I thought I was able to drive prior to being old enough but chose formal lessons. The incentive of reduced insurance premiums for driving school completion motivated me to receive additional training. I also spent time guiding from the passenger seat with my wife and three kids but they all enrolled in a driving school. Schools have the resources and trained instructors who are not emotionally connected with the driver. They teach you how to operate and navigate a car as well as all of the current strategies to keep you safe while operating a vehicle. My father was a licensed plumber and over the years I've done most household plumbing tasks. I am confident that I have the tools and skills to do the plumbing for an entire house. However, I don't know what I don't know so I will always call a plumber for anything beyond the most basic DIY tasks!
We received pictures yesterday of a grandchild taking a driving lesson on his parents' High Country. This was cute and supports the continuous and real time communication I mentioned in my previous post. After the initial grandparent comments I wondered why these pictures didn't show a compact sized driving school car? During my uncommitted time I often surf through YouTube. The other day I watched a few called something like, "Idiots behind the wheel". These were dash cam or other devices capturing car accidents.

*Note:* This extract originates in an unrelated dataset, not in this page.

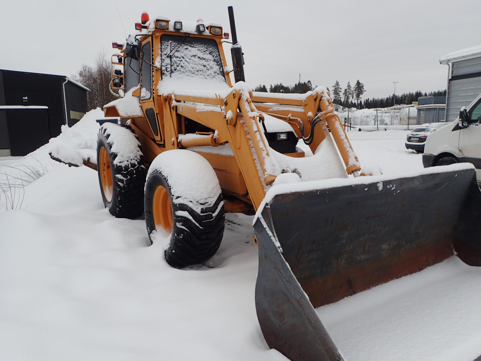 Large BM bracket at the front, 3 functions, Good tires, Support legs that lose pressure when the machine stands for a while, 4 WD, Material bucket at the front, Excavator & VA bucket at the rear, Quick mount manually at the rear.

Some are unfortunate accidents but too many are a result of poor driving. We all develop poor/lazy driving habits and should not be passing these on to our kids. I went back to Driving School for my motorcycle endorsement at 60 years old. I went to class confident that I was professionally trained with 44 years of experience. If you haven't had a "refresher" in awhile you may be shocked at what you don't know. I was!

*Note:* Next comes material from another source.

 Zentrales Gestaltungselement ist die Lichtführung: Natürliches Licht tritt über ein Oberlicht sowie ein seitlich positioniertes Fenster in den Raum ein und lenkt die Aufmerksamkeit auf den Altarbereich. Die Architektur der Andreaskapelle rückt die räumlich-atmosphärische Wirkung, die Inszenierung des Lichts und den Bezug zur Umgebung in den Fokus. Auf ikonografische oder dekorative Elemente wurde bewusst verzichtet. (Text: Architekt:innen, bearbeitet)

Our Texan family will be arriving next week for a visit. This will be the first time we've been together since Jan. 2020. We are very excited but not in the same way as if this was 40 years ago. Technology has made a huge impact on long distance communication and relationships. Those of us who have spent time as adults before home computers appreciate the difference. I know a person in her 70's who has shunned personal computers and cell phones to this day. Spending time with her reinforces my appreciation for being connected!
I wrote a letter and attached it to a Birthday card yesterday morning. Later in the day I took it to a mailbox in hopes it will arrive in time. I am sure that the novelty of receiving a handwritten letter in the mail will be viewed as a gift by the recipient. It should because it took considerable time and effort! The fact that dropping a card in the mail has morphed into such an event during my adult life reflects how rapidly change happens, However this is also an example of how the time we've freed up gets gobbled up!